Im Gespräch mit der „Mitteldeutschen Zeitung“ freut sich Regisseur Gsponer „über unsere richtige Wahl beim Casting“. Anna Thalbachs Stimme „klingt mal männlich und mal weiblich. Wir wissen ja auch gar nicht, welches Geschlecht so ein jahrhundertealter Geist hat.“ Produzent Jakob Claussen erinnert daran, dass der Film eigentlich ein Geburtstagsgeschenk zum 90. von Otfried Preußler werden sollte. „Er konnte den Film zwar nicht mehr sehen, hat aber vor seinem Tod im Februar das Design des Gespenstes noch abgenommen.“ Regisseur Alain Gsponer fügt im MZ-Gespräch an: „Seine Tochter Susanne Preußler-Bitsch hat uns gesagt, dass ihm der Film garantiert gefallen hätte. gefallen hätte.“ Als Regisseur und Produzent sehe man, wenn der Film läuft, immer wieder Passagen, die man lieber anders gedreht hätte. „Doch diesmal erleben Sie ein 100prozentig glückliches Team“, verkünden beide unisono. Jakob Claussen ist sich sicher: Kinder und Erwachsene erleben und lachen anders. „Darum drehe ich mich an bestimmten Stellen um, blicke den jungen Zuschauern in die Augen und es freut mich, dass es so klappt, wie wir es uns vorgestellt haben.“ Auch der bisher kinderlose Regisseur hat es getestet: „Ich habe Nichten und Neffen Passagen gezeigt, und sie fanden es prima.“
Kindgerecht-märchenhafter Unterhaltung und eine Portion Nostalgie
Da gibt es viele Szenen, in denen es Applaus und Lacher bei der Halberstädter Preview gibt: Wenn das Gespenst im Schloss Eulenstein, das in Wernigerode steht, alles durcheinander bringt, wenn es plötzlich schwarz wird oder sich die Feuerwehr recht dilettantisch anstellt, der schwedischen General Torsten Torstenson aus dem Gemälde steigt und später vom Gespenst beschossen wird, womit der Quedlinburger Markt ins Chaos versinkt. Doch auch etwas nachdenklichere Szenen gibt es: Wenn das kleine Gespenst mit seinem besten Freund, dem Uhu Schuhu, zu mitternächtlicher Stunde über das Leben, die Geisterwelt und die Schönheiten der Erde philosophiert.

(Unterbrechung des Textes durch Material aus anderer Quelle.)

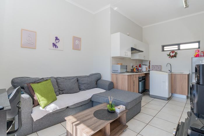 Enjoy secure estate living with serene gardens and communal pool; private balcony with elevated views, open-plan lounge and modern kitchen. One bedroom, one bathroom, and single covered carport.

Den stürmischen Premieren-Beifall hat der Film verdient. Mischt er doch Liebe zum Detail mit kindgerecht-märchenhafter Unterhaltung und einer Portion Nostalgie.
Nicht nur, dass ein Feuerwehr-Robur durch Quedlinburg rollt, die Erzählweise wirkt wie die Bücher von Otfried Preußler: angenehm entschleunigt, aber nie langatmig.